Content starts
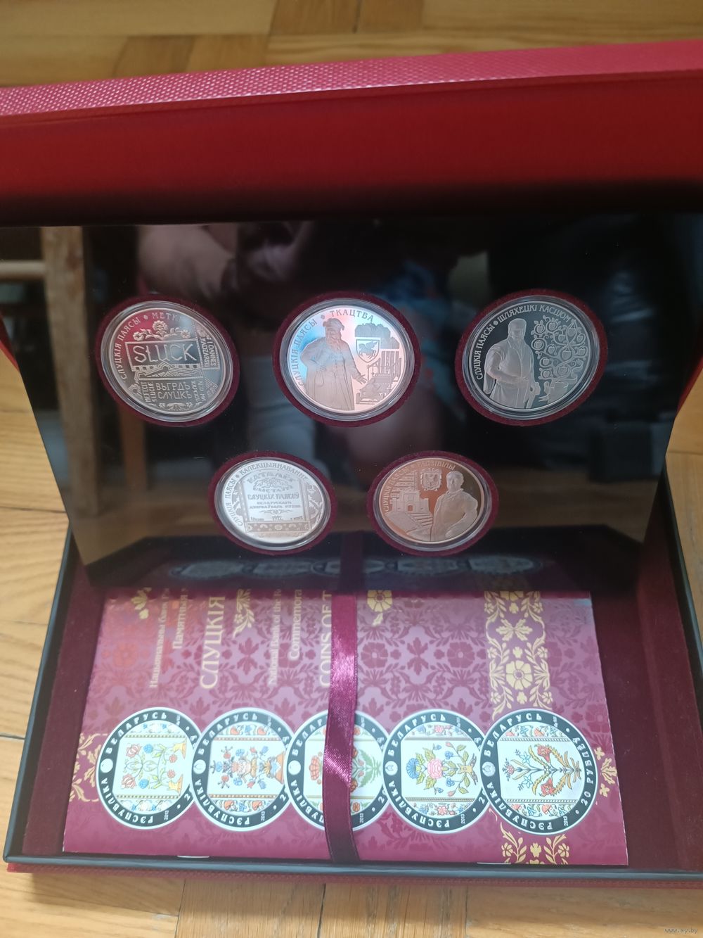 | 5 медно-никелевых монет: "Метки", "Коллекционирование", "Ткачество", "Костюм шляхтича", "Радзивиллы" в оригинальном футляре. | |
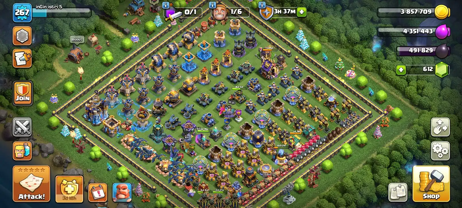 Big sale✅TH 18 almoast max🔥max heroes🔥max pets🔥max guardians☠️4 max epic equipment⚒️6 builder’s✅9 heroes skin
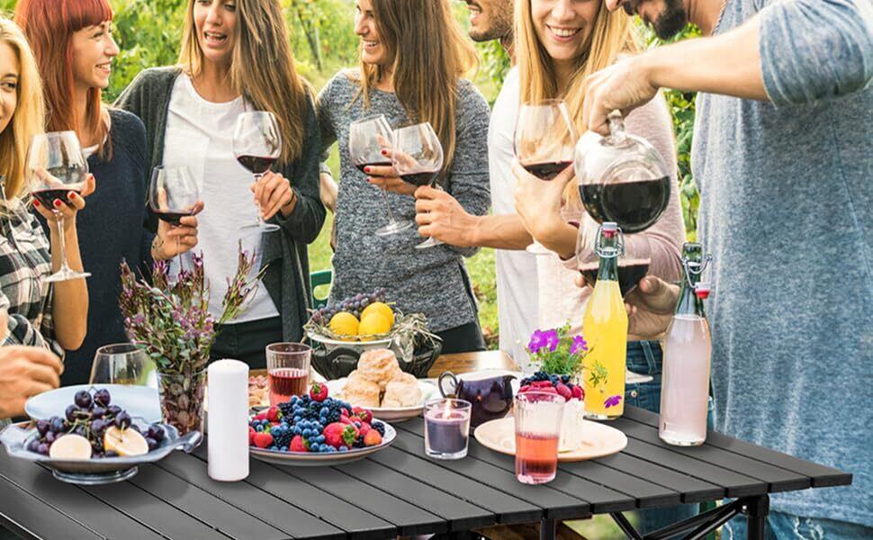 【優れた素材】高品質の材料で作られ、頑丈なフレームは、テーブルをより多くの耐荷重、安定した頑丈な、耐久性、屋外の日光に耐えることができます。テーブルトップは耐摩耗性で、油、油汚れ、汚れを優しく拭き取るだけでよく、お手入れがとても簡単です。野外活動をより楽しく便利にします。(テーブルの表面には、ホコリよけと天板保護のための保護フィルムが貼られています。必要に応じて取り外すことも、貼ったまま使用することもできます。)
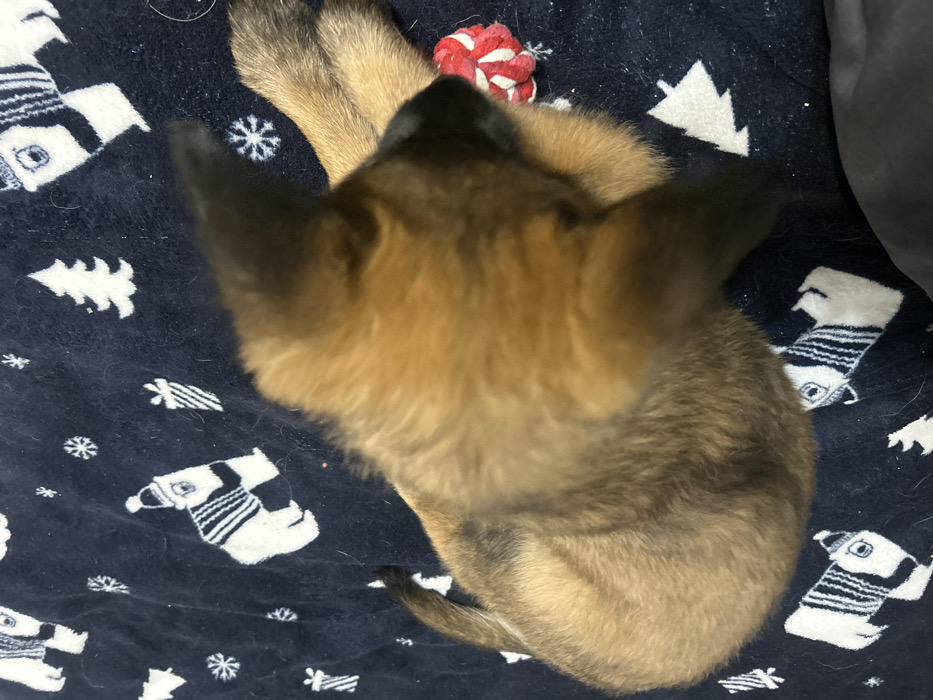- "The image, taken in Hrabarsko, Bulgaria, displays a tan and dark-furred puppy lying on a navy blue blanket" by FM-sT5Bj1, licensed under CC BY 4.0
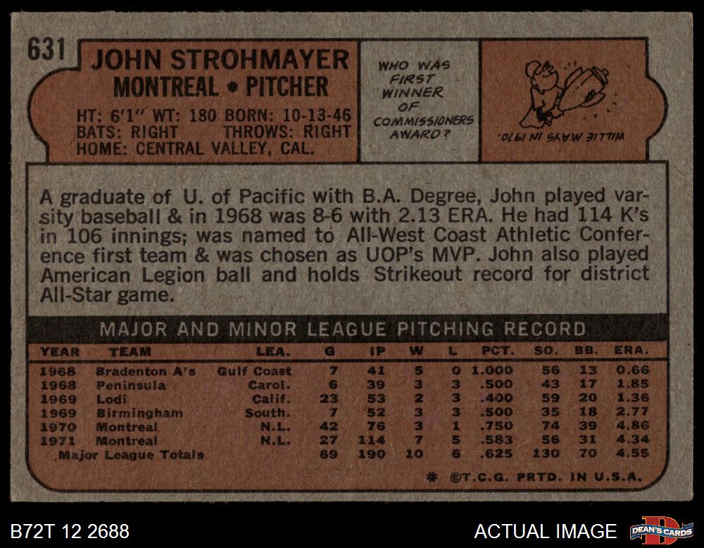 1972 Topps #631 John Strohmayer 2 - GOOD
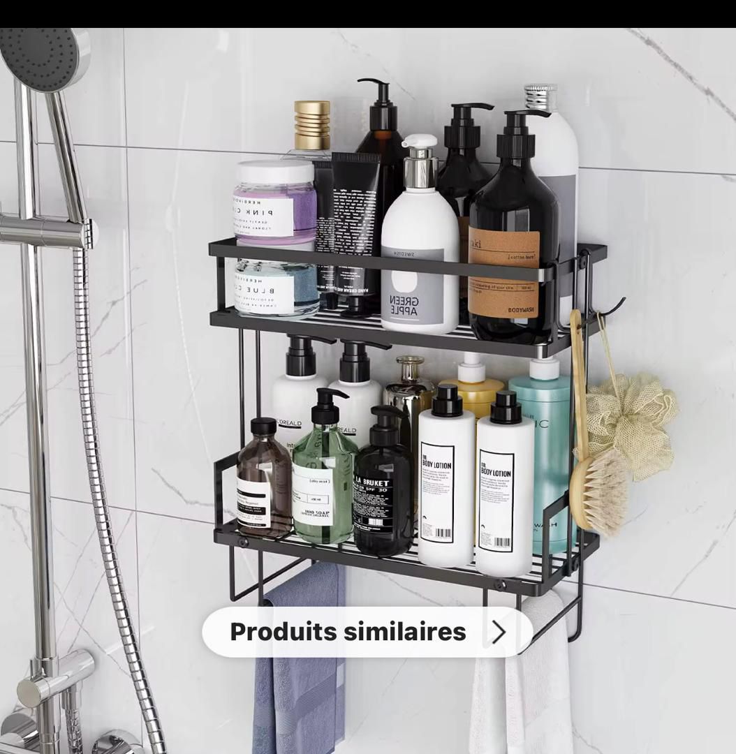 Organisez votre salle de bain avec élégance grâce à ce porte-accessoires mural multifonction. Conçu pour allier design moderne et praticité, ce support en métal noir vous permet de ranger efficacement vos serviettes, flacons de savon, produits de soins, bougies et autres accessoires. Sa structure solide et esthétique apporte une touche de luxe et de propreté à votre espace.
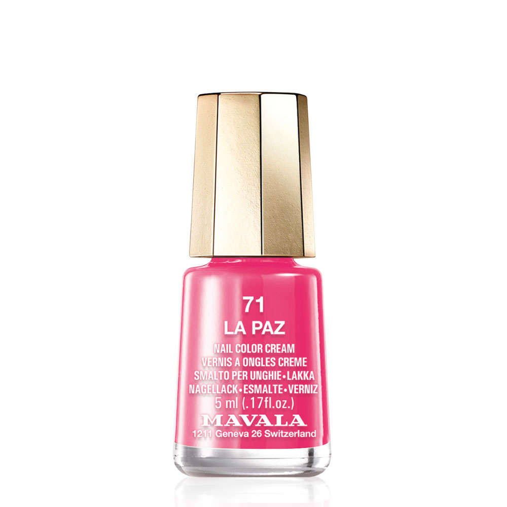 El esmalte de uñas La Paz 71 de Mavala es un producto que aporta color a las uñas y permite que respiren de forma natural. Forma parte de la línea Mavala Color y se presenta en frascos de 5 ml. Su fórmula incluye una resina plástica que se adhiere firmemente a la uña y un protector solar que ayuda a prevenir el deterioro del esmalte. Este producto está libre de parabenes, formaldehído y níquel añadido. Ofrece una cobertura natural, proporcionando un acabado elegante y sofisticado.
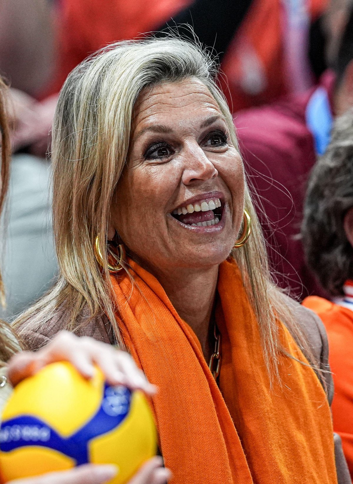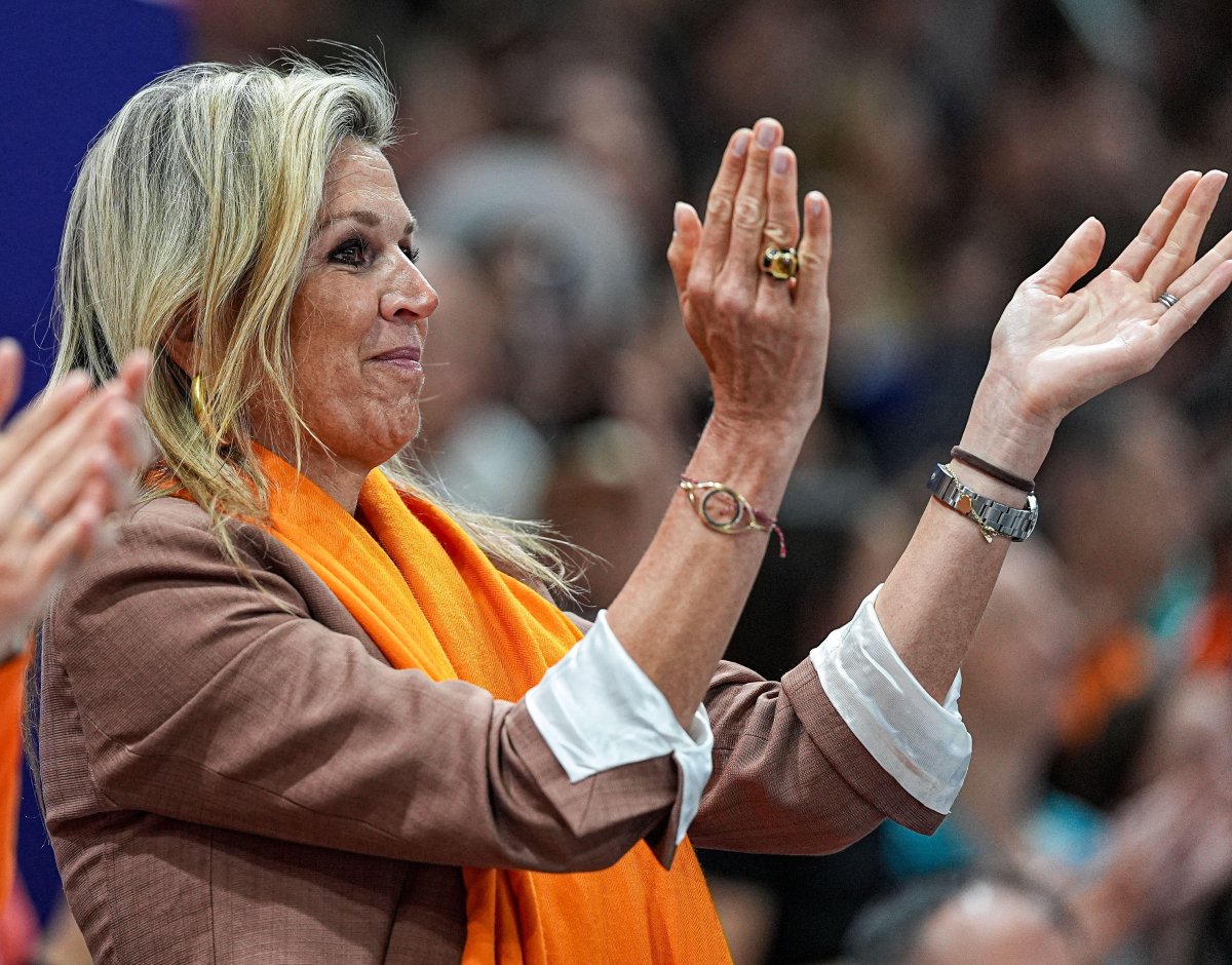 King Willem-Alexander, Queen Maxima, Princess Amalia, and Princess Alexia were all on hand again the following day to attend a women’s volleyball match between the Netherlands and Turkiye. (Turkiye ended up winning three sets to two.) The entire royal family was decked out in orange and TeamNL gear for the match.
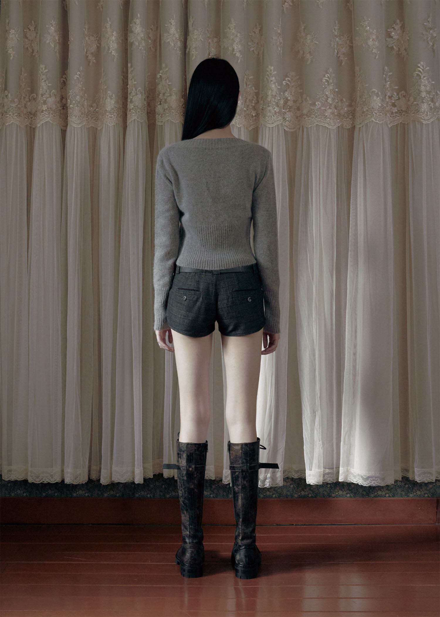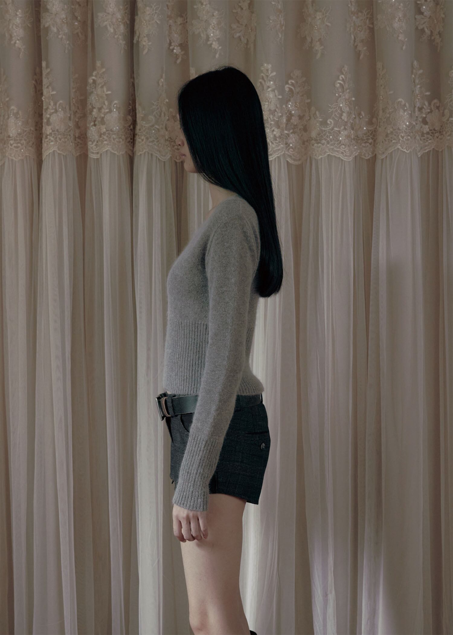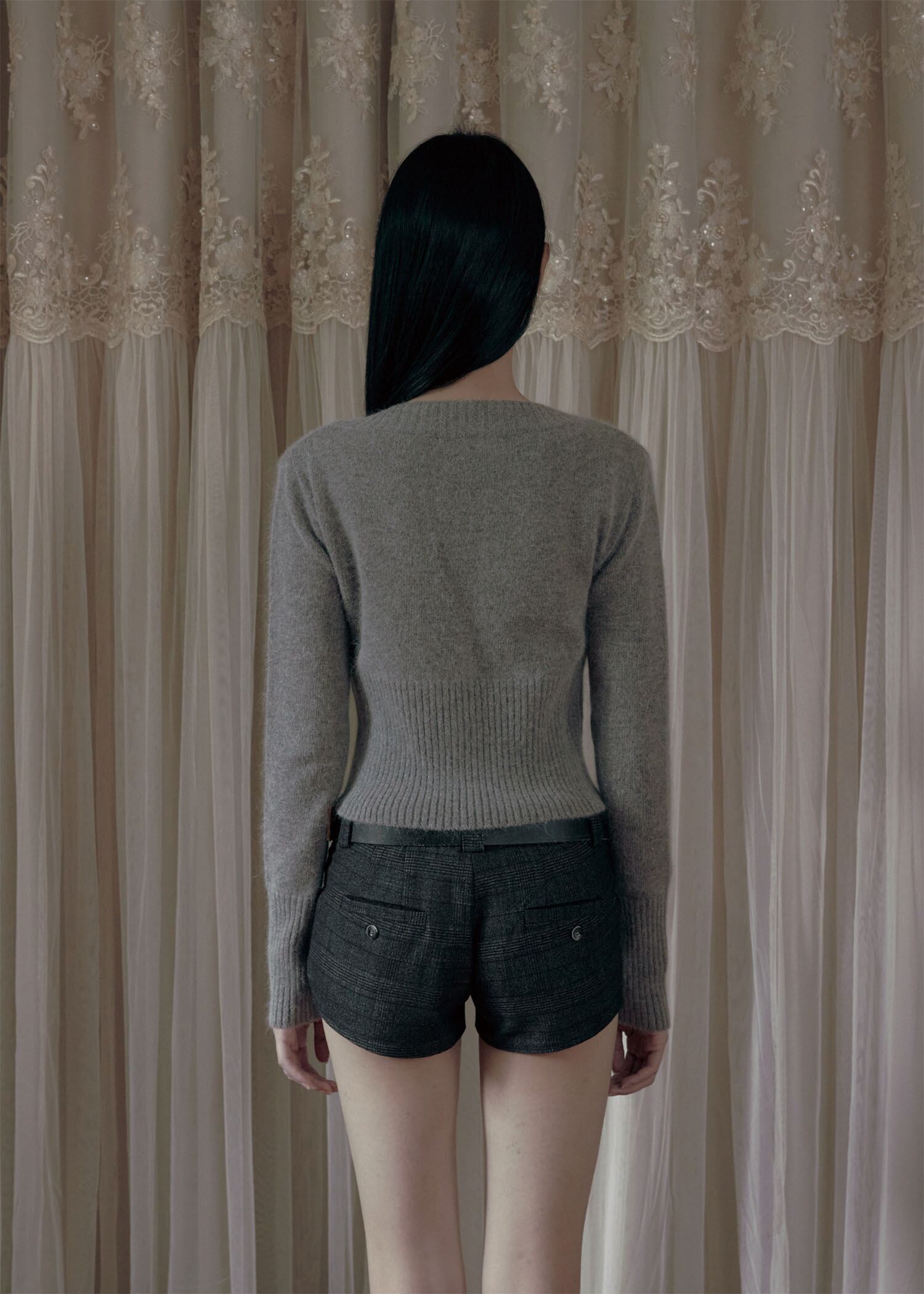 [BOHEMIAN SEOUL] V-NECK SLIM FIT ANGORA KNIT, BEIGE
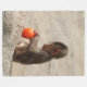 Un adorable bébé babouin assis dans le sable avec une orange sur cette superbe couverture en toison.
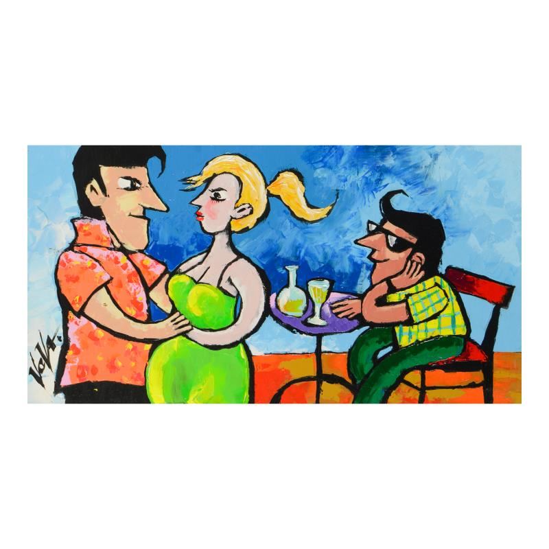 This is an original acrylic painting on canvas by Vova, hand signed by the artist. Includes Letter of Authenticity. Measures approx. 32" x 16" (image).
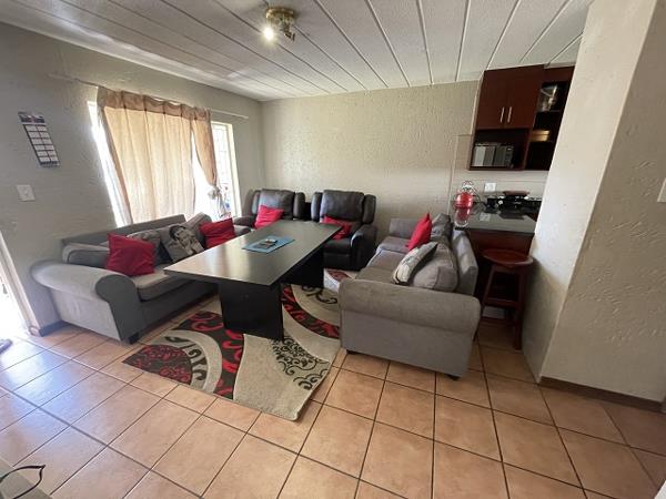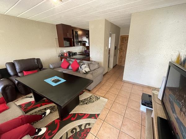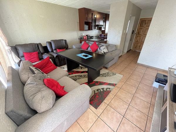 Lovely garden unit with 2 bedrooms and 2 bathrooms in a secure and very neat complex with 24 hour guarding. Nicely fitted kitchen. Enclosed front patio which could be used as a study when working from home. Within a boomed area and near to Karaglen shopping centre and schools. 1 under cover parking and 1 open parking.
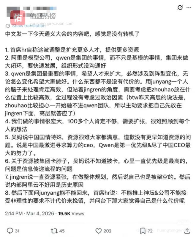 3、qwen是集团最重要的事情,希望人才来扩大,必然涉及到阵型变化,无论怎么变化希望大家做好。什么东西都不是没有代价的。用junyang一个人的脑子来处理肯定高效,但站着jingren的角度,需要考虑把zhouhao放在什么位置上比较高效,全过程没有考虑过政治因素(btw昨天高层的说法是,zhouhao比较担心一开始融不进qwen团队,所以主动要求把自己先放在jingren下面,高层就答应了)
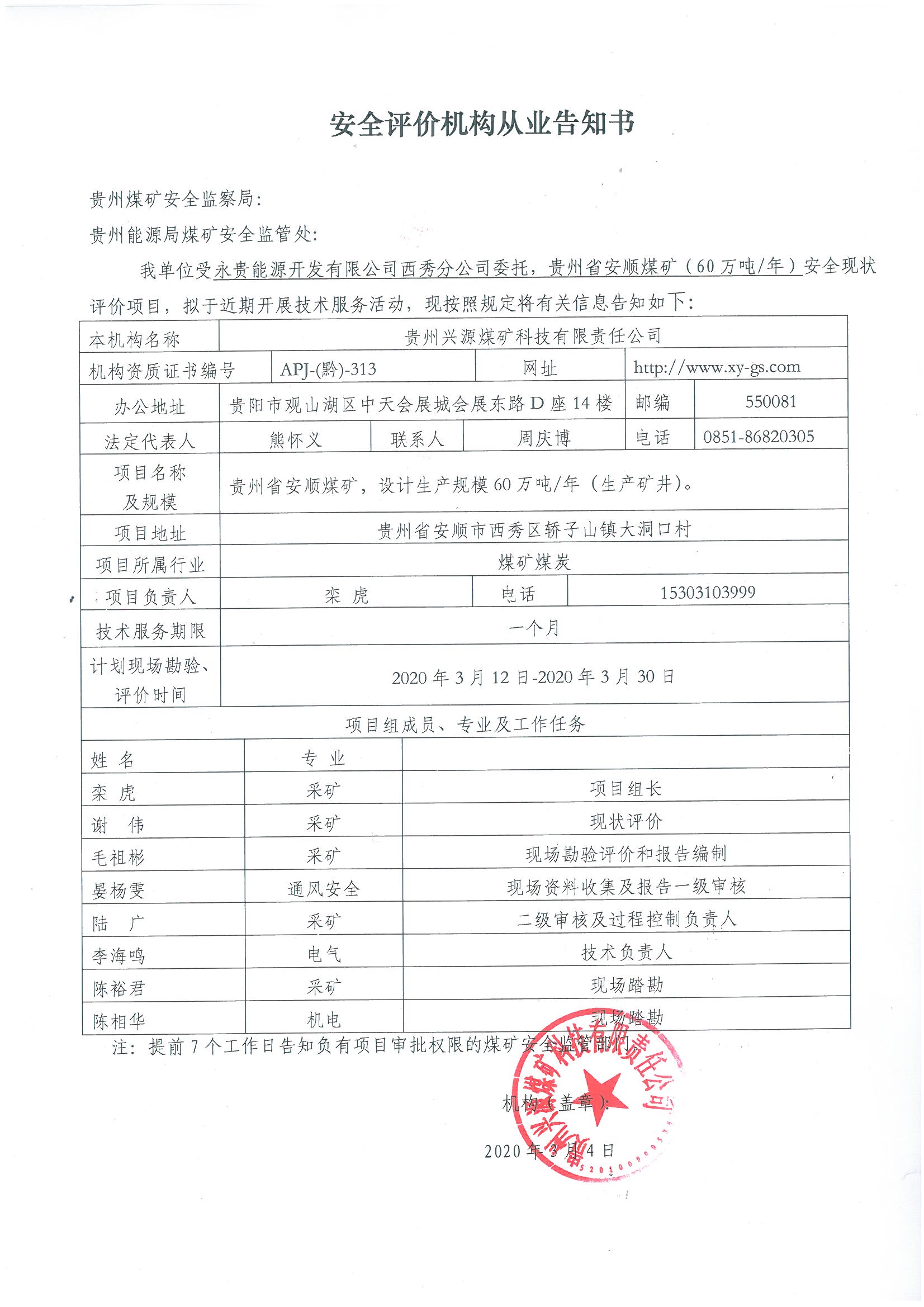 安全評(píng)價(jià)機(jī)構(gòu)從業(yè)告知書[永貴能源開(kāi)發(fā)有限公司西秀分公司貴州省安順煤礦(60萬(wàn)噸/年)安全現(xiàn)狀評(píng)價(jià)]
Content ends
#### [Work instruction]
Pictures stay out. Print the data exactly, from its first line through the line containing "1972 Topps #631 John Strohmayer 2 - GOOD".

#### [Written solution]
 | 5 медно-никелевых монет: "Метки", "Коллекционирование", "Ткачество", "Костюм шляхтича", "Радзивиллы" в оригинальном футляре. | |
 Big sale✅TH 18 almoast max🔥max heroes🔥max pets🔥max guardians☠️4 max epic equipment⚒️6 builder’s✅9 heroes skin
 【優れた素材】高品質の材料で作られ、頑丈なフレームは、テーブルをより多くの耐荷重、安定した頑丈な、耐久性、屋外の日光に耐えることができます。テーブルトップは耐摩耗性で、油、油汚れ、汚れを優しく拭き取るだけでよく、お手入れがとても簡単です。野外活動をより楽しく便利にします。(テーブルの表面には、ホコリよけと天板保護のための保護フィルムが貼られています。必要に応じて取り外すことも、貼ったまま使用することもできます。)
- "The image, taken in Hrabarsko, Bulgaria, displays a tan and dark-furred puppy lying on a navy blue blanket" by FM-sT5Bj1, licensed under CC BY 4.0
 1972 Topps #631 John Strohmayer 2 - GOOD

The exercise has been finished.